Turner’s two-decade connection to the park has also given her team the perspective of time as it charts the forest’s recovery.
Fueled by drought conditions and raging winds that topped sixty miles per hour, the fires began to sweep through the park. As the flames blazed out of control, they consumed the beauty of this symbol of the rugged American West and threatened the iconic Old Faithful geyser. The extent and ferocity of the fires — surprising even to park managers and scientists — riveted the public. Fiery images dominated television sets and headlines across the nation with a horrifying message: the crown jewel of America’s National Park System was in trouble.
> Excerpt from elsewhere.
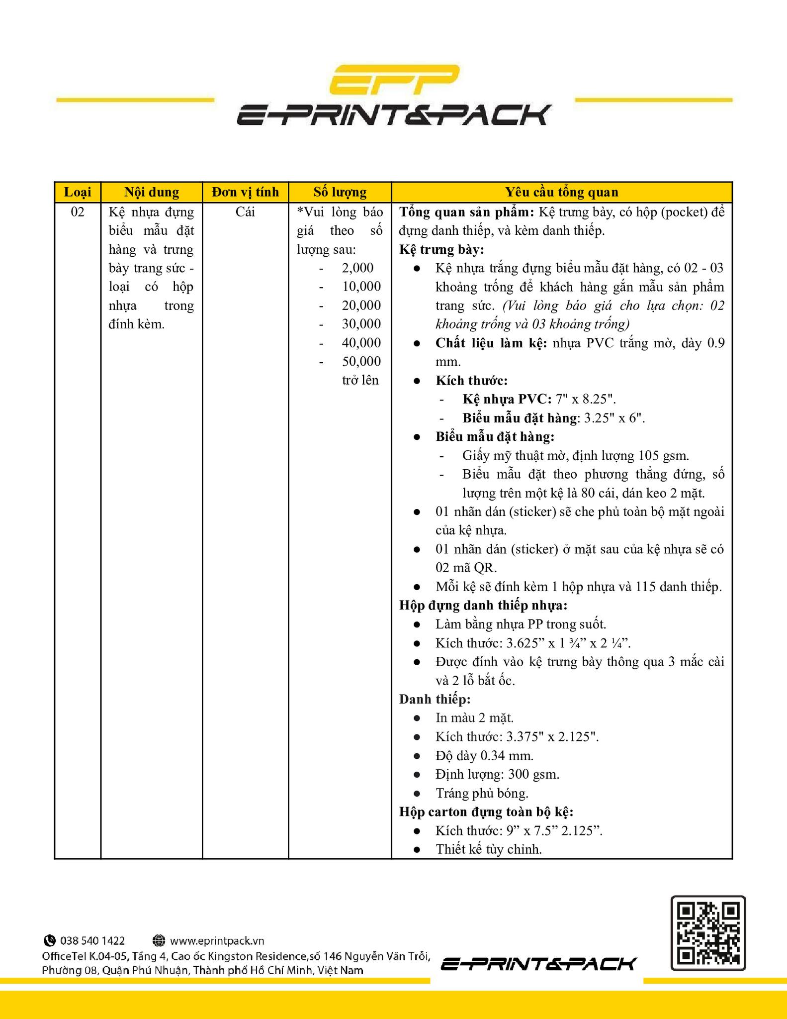 Quý đơn vị, doanh nghiệp quan tâm vui lòng gửi thông tin và báo giá FOB, Vietnam port (nếu có) về Văn phòng Công ty e-Print&Pack, địa chỉ K.04-05, Cao ốc Kingston Residence, số 146 Nguyễn Văn Trỗi, Phường 08, Quận Phú Nhuận, Thành phố Hồ Chí Minh trước ngày 31.12.2022
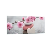 Obraz na szkle - Delikatne kwiaty wiśni z kamieniami w kształcie serca - 120x50cm - Błogość z kwiatem wiśni - Nowoczesna dekoracja ścienna do salonu i sypialni ARTTOR

Defying all attempts to curtail its spread, the inferno raged for months, forcing temporary park closures and launching the nation’s single largest firefighting effort, which drew more than twenty-five thousand firefighters from across the country. A reporter for the Washington Post likened the sights and sounds in the Yellowstone basin to a war zone in Vietnam. Before fizzling under a mid-September snowstorm, the record-breaking fires engulfed more than 1.2 million acres in the greater Yellowstone area, comprising more than one-third of the park. Lingering flames would smolder into November.
Nearly one-third of Yellowstone National Park, shown here in red, was ablaze during the 1988 “summer of fire,” which raged for months. It left a landscape ripe for study by researchers, including the UW’s Monica Turner.
Arriving in Yellowstone in October 1988, Turner, today on the UW faculty, and her colleague Bill Romme, a forest ecologist now at Colorado State University, steeled themselves for their first look at the remains of the park. But as the copter lifted them over the charred landscape, they were immediately taken by the presence of lush, green islands dotting the sea of black. Even in the areas most severely affected by the flames, large chunks of the forest appeared virtually untouched.
That variegation of black and green, burned and unburned, was exactly what Turner was looking for. A pioneer in the burgeoning field of landscape ecology, she had spent several years studying the relationships between a region’s physical features and its ecosystems — the workings of a forest on a ridge versus in a valley, for example, or the ecological impacts of being near a road or stream. The complex patterns of damage left by the vast 1988 burns offered an unprecedented opportunity to study how such variation might affect the landscape’s recovery.
In the twenty years since these historic fires, research undertaken by Turner — now a zoology professor and the Eugene P. Odum Professor of Ecology — has grown and developed along with the recovering forest, each reshaped and redefined in unpredicted ways by the fires. Guided by her unflagging curiosity and a keen eye for the unexpected, she has provided the first insights into how a large ecosystem responds to such a major event and unearthed the answers to dozens of ecological questions — many of which no one else had even thought to ask.
A Bleak Beginning
In the early aftermath of the fires, the ground-level view of Yellowstone was of a black-and-white world. Many burned areas were stripped of every sign of life.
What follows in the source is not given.